ChapterPageDetailsDatePrint Run
General Note Regarding the Errata
Please check which printing of the book you have. As we become aware of errors in the book, we add the corrections to the text when we reprint the book. Therefore, not all the errors listed here will appear in all copies.
1/28/08
2 99 Text correction
On the top of page 99, it states that “NAT is covered in Chapter 10, 'Network Address Translation.'”
It should state “Chapter 11”.
2/5/08 1st & 2nd
3 127 Text correction
On page 127, near the bottom of the page: “The following table shows you an example host range of two subnets in a Class B 240 (/20) subnet mask:"
First subnet 16.0 32.0
Second subnet 31.255 47.255


The table should read:
First subnet16.0 31.255
Second subnet 32.0 47.255
2/5/08 1st & 2nd
3 133 Text correction: Missing digit in broadcast address
The third question asks “What subnet and broadcast address is the IP address 172.16.50.10 255.255.224.0 (/19) a member of?” The answer states: “256-224 = 0, 32, 64 (remember, we always start counting at zero(0)). The subnet is 172.16.32.0, and the broadcast must be 172.16.63.25 since 64.0 is the next subnet.”

The answer should state that the “the broadcast must be 172.16.63.255 since 64.0 is the next subnet.”
2/5/08 1st & 2nd
3 138 Text correction
Second paragraph under "VLSM Design," second sentence: “And if we use a /30 on our WAN links and a /27, /28 and /29 on our LANs, we’ll get 2 hosts per WAN interface, and 30, 14 and 8 hosts per LAN interface – nice!”
Should read: “...we’ll get 2 hosts per WAN interface and 30, 14 and 6 hosts per LAN interface...” since a /29 has 6 usable hosts.
2/5/08 1st & 2nd
3 143 Errors in Figure 3.7
The bottom left chart, "Class C Network," contains errors.
The IP address in the heading, "192.16.10.0," should read:
"192.168.10.0"

The "Hosts" column has incorrect values for Networks A, B, C and D.
Change those values from "12,20,25,4" to "14,30,20,6"

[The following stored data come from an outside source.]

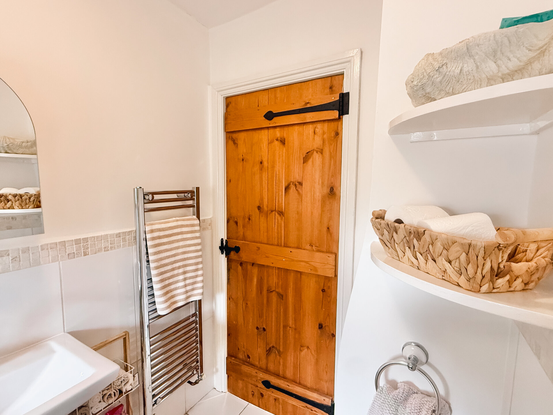 The well appointed kitchen provides ample storage and workspace, complemented by contemporary fittings that suit the cottage’s character.
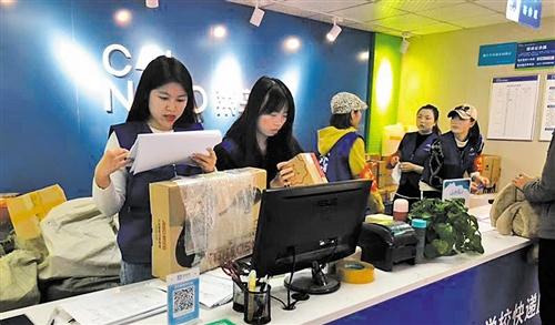 左圖 四川外國語大學(xué)綜合物流服務(wù)中心內(nèi),工作人員精準記錄著快遞末端的流通信息。
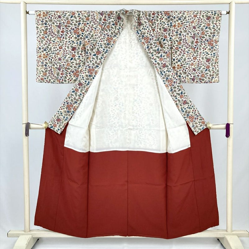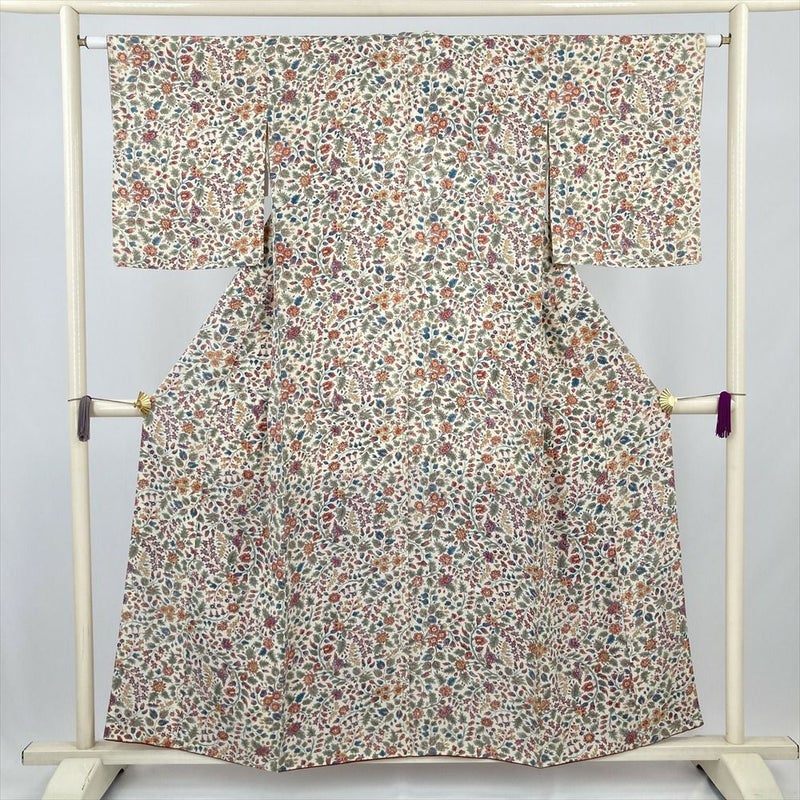 (中古) 小紋 アイボリー 生成り カジュアル 草花 袷 絹【身丈】150.5cm【裄丈】63cm
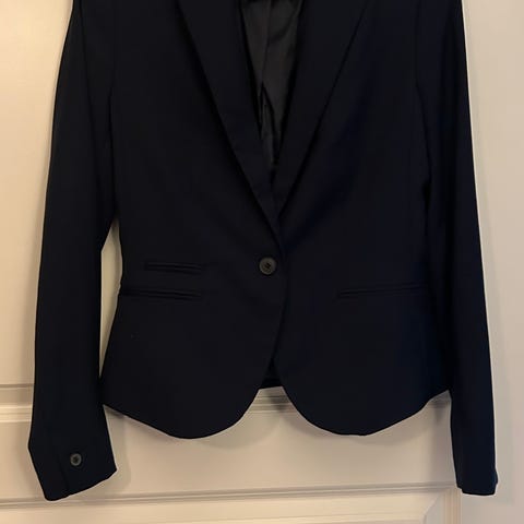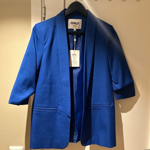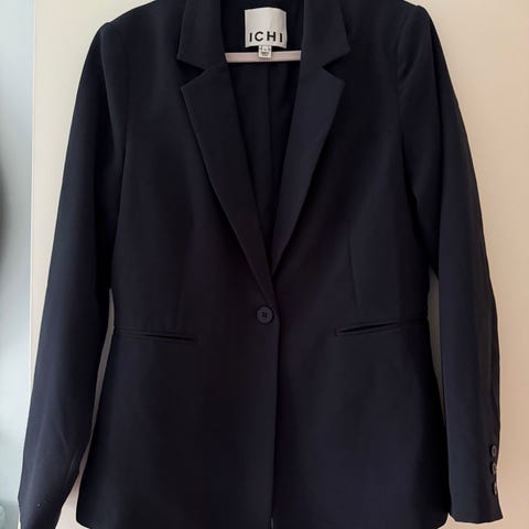 Ichi blazer i blå farge, laget av 100% polyester både i ytterstoff og fôr. Hel og fin!
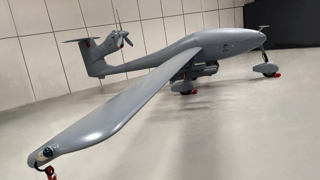 The NSR12Block-IA AQRAB is fixed-wing combat UAV is designed for high-performance precision strikes. With awing span of 12.6 meters and a length of 5.6 meters, it has a range of up to 1,100km, making it suitable for long-range missions. Operating at a cruising speed of 120 km/h, this UAV is equipped with advanced AI for automatic target detection and navigation. Its AI-driven guidance system enables real-time adjustments and precise targeting, enhancing mission efficiency and minimizing operator involvement. This UAV combines cutting-edge technology and durable construction, providing a reliable solution for tactical and strategic military operations.

The righthand chart also has erroneous IP addresses.
All IPs in the righthand chart should begin "192.168" not "192.16" as printed.
1/29/08 1st & 2nd
3 145 Errors in Figure 3.9
The righthand chart contains erroneous IP addresses.
All IPs in the chart should begin "192.168," not "192.16" as printed.
1/29/08 1st & 2nd
3 150 Text correction
At the top of the page, the last bullet point contradicts Figure 3.16.
The last bullet should read:
"172.1.4.0/25"
1/28/08 1st & 2nd
3 168 Text correction: Answers to Written Lab 3.1, Question 3.
On page 159, in Written Lab 3.1, number 3, we are asked to write the subnet, broadcast address and valid host range for 192.168.100.66/27. The answer on page 168 states “192.168.100.66/27. A /27 is 255.255.255.224. The fourth octet is a block size of 32. Count by 32s until you pass the host address of 66. 0, 32, 64. The host is in the 32 subnet, broadcast address of 63. Valid host range of 33-62.”

The last sentence of the answer on page 168 should read: “Count by 32s until you pass the host address of 66. 0, 32, 64, 96. The host is in the 64 subnet, broadcast address of 95. Valid host range is 65-94.”
2/5/08 1st & 2nd
3 168 Text correction: Answers to Written Lab 3.1, Question 10
The last sentence in the answer begins: “The subnet is in the 16.2.0 subnet...”
It should read: “The host is in the 16.2.0 subnet...”
2/5/08 1st & 2nd
3 169 Answers to Written Lab 3.3
Line 4, under "Number of Hosts"
The answer given, 16,384, is incorrect. The correct answer is 16,382.
11/19/07 1st & 2nd
4 227 Text correction
In the first sentence, there is an extraneous hyphen in the command.
"http-secure-server" should read "http secure-server"
5/1/08 1st 2nd & 3rd
5 285 Error in Table 5.5
The Description for "Platform" (line 5 in the table) is incorrect.
It should read:
"The type of Cisco device directly connected. In the previous output, the Corp router is directly connected to a 1242 Access point, a Cisco 2801 and two 1841 routers."
2/6/08 1st & 2nd
6 341 Text correction: Error in Figure 6.9
On the left side of the figure the two IP addresses given do not match the interfaces to which they are assigned on the CORP and R1 routers.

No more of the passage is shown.